Marijuana and the Developing Brain
You can’t get away from it, the big marijuana debate here in the US. Is it good? Is it bad? What are other countries doing? There are also a lot of claims made about marijuana, most of which aren’t true, namely the big medical claims. Then there is the other side of that fence, what about some of the health issues that are claimed, where does science sit on that?
Well as might be expected, like any drug, marijuana isn’t without risks. Using marijuana frequently can have a significant negative effect on the still developing brains of teenagers and young adults, including cognitive decline, poor attention and memory, and decreased IQ. It should be mentioned that brain growth and development has been shown to last until the mid-twenties, one reason why I personally think the drinking age should be raised. That is a whole other topic though.
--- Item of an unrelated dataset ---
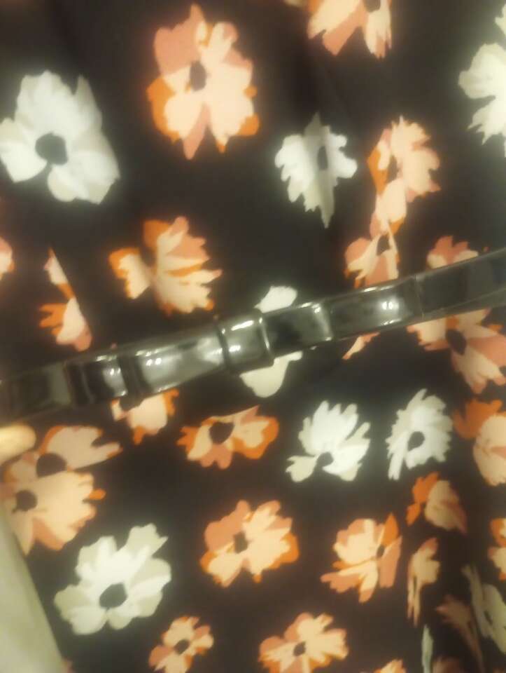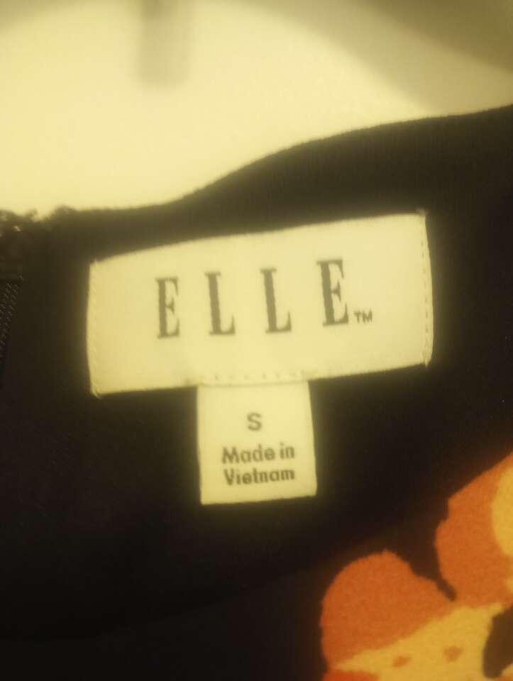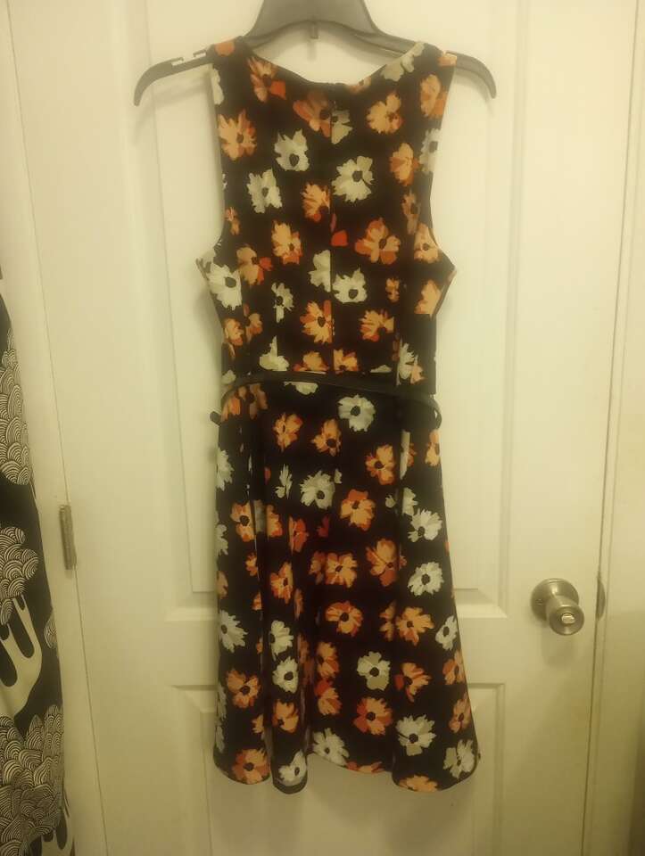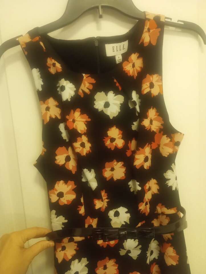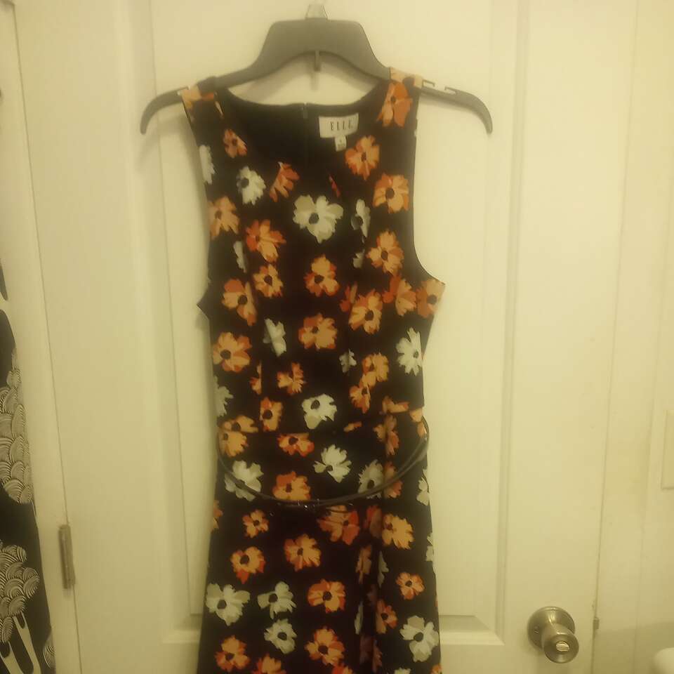 VenmoLike-New, very pretty, floral sleeveless dress by Elle, in size Small. Comes with shiny black belt w/a bow. Black with pink and cream flowers. Has a zipper on the back. Like-New condition and from a pet and smoke-free home. $20 cash or Venmo. Will hold with Venmo. Material is 95% polyester, 5% spandex. Text if interested or if you have any questions.

“It needs to be emphasized that regular cannabis use, which we consider once a week, is not safe and may result in addiction and neurocognitive damage, especially in youth,” said Krista Lisdahl, PhD, director of the brain imaging and neuropsychology lab at University of Wisconsin-Milwaukee.
Marijuana use is increasing, according to Lisdahl, who pointed to a 2012 study showing that 6.5 percent of high school seniors reported smoking marijuana daily, a huge increase from the 2.4 percent in 1993. This is probably due to larger social acceptance in teens and young adults who are increasingly exposed to in through the media and pop-culture.
Additionally, 31 percent of young adults [defined as ages 18 to 25] reported using marijuana in the last month. People who have become addicted to marijuana can lose an average of six IQ points by adulthood, which was reference to a 2012 longitudinal study of 1,037 participants who were followed from birth to age 38.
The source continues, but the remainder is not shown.